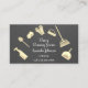 Affärskortet för städning tjänster är dekorerat med städning leveranser från guld-färgad. Bästa för kommersiella tjänster eller bostadstjänster för städning, husdjursskötare, stödtjänster, hemtjänster och humanitära tjänster. florenceK-design
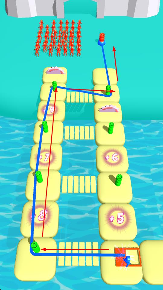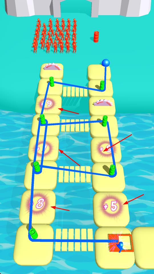 1、在水上迷宫场景中,操控蓝色小人或红色小人,通过滑动屏幕调整移动方向,躲避障碍物,收集资源,积累人数。
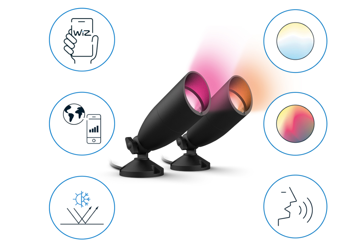 Οι λαμπτήρες εξωτερικού χώρου RGB της εταιρείας Wiz, είναι αδιάβροχοι και ανθεκτικοί σε κάθε καιρική συνθήκη, όπου μπορείς να τους έχεις πάντα στον κήπο ή την βεράντα σου χωρίς να ανησυχείς για την καταστροφή τους.
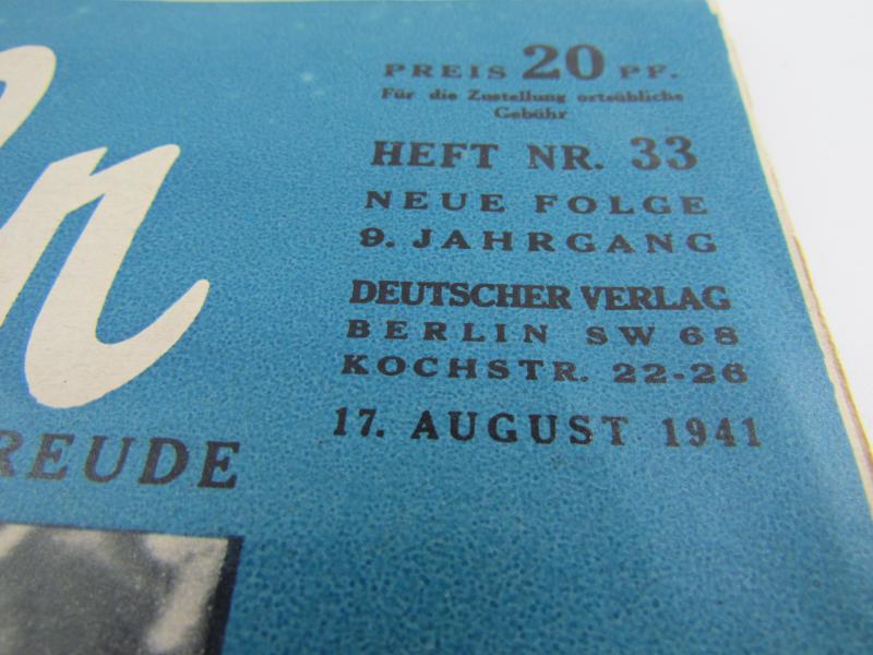 a nice period issue of the magazine Koralle. with interesting period photos and articles inside. Dated 17 august 1941 in used but good condition
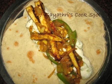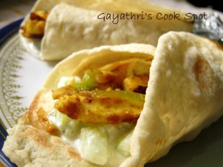 I am late in posting May month’s 4 Velveteers challenge. Asha of Fork Spoon Knife asked the members to prepare Greek Gyro.This is a famous Greek street food . The pronunciation varies from place to place. Syrians call pronounce it as Gear-O, some ethnic groups pronounce it as Yee-Row and Americans call it as Ji-Row. Whatever may be the pronunciation, the dish is so delicious. Usually meat is used as the filling for this sandwich. I prepared a spicy filling with paneer and capsicum. The sauce prepared with cucumber was fantastic. Yesterday we had a nice time. My hubby liked it so much. Thanks to Asha for introducing such a delicious dish.
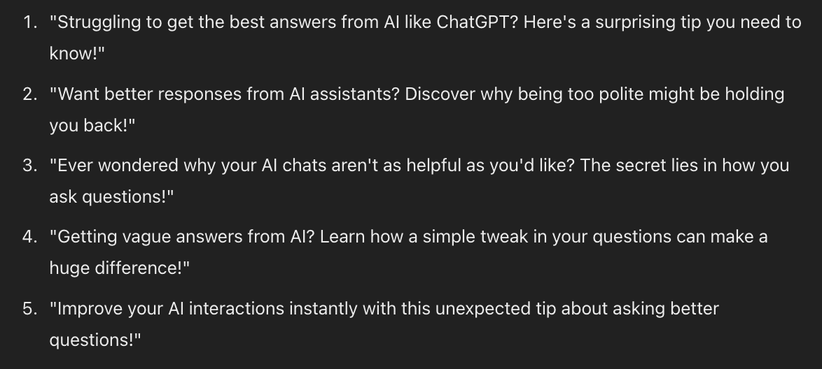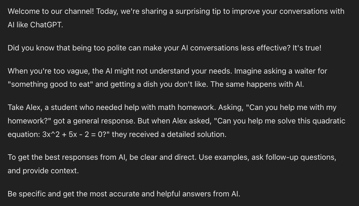 Provide 5 hook alternativesThe prompt will generate a much more concise script for you, again allowing you to adjust for detail.
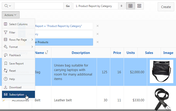 To set up an automatic email of the report to be sent on a scheduled basis, select Subscription from the Actions menu.

- - - - - - -

### WORK ITEM
Repeat all the records above exactly, leaving out any pictures.

### OUTPUT FOR THIS TASK
 Affärskortet för städning tjänster är dekorerat med städning leveranser från guld-färgad. Bästa för kommersiella tjänster eller bostadstjänster för städning, husdjursskötare, stödtjänster, hemtjänster och humanitära tjänster. florenceK-design
 1、在水上迷宫场景中,操控蓝色小人或红色小人,通过滑动屏幕调整移动方向,躲避障碍物,收集资源,积累人数。
 Οι λαμπτήρες εξωτερικού χώρου RGB της εταιρείας Wiz, είναι αδιάβροχοι και ανθεκτικοί σε κάθε καιρική συνθήκη, όπου μπορείς να τους έχεις πάντα στον κήπο ή την βεράντα σου χωρίς να ανησυχείς για την καταστροφή τους.
 a nice period issue of the magazine Koralle. with interesting period photos and articles inside. Dated 17 august 1941 in used but good condition
 I am late in posting May month’s 4 Velveteers challenge. Asha of Fork Spoon Knife asked the members to prepare Greek Gyro.This is a famous Greek street food . The pronunciation varies from place to place. Syrians call pronounce it as Gear-O, some ethnic groups pronounce it as Yee-Row and Americans call it as Ji-Row. Whatever may be the pronunciation, the dish is so delicious. Usually meat is used as the filling for this sandwich. I prepared a spicy filling with paneer and capsicum. The sauce prepared with cucumber was fantastic. Yesterday we had a nice time. My hubby liked it so much. Thanks to Asha for introducing such a delicious dish.
 Provide 5 hook alternativesThe prompt will generate a much more concise script for you, again allowing you to adjust for detail.
 To set up an automatic email of the report to be sent on a scheduled basis, select Subscription from the Actions menu.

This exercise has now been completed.